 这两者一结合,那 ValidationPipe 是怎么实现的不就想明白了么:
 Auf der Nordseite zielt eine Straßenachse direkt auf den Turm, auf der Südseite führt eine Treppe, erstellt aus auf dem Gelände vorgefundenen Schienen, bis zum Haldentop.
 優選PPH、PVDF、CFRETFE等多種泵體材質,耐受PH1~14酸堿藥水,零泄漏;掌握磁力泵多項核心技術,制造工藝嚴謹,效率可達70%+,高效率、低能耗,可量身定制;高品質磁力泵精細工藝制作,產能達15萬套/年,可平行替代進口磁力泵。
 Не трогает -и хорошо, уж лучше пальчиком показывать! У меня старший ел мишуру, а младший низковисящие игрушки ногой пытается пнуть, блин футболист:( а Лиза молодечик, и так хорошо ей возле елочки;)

|---|

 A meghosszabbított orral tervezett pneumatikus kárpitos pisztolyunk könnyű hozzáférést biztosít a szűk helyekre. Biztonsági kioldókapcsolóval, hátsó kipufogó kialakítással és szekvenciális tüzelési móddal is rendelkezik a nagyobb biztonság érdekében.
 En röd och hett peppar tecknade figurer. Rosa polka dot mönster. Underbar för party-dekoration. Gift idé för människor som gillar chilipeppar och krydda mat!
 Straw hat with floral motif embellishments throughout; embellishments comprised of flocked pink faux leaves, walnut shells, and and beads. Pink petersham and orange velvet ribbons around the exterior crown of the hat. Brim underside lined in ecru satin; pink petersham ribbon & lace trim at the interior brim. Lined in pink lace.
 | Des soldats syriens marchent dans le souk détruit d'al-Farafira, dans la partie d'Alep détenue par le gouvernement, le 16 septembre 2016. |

|---|

What you will do =>
Write out exactly the lines above from the line with "En röd och hett" through the line with "septembre 2016. |", both of them included, and leave out all other lines.

Task output =>
 En röd och hett peppar tecknade figurer. Rosa polka dot mönster. Underbar för party-dekoration. Gift idé för människor som gillar chilipeppar och krydda mat!
 Straw hat with floral motif embellishments throughout; embellishments comprised of flocked pink faux leaves, walnut shells, and and beads. Pink petersham and orange velvet ribbons around the exterior crown of the hat. Brim underside lined in ecru satin; pink petersham ribbon & lace trim at the interior brim. Lined in pink lace.
 | Des soldats syriens marchent dans le souk détruit d'al-Farafira, dans la partie d'Alep détenue par le gouvernement, le 16 septembre 2016. |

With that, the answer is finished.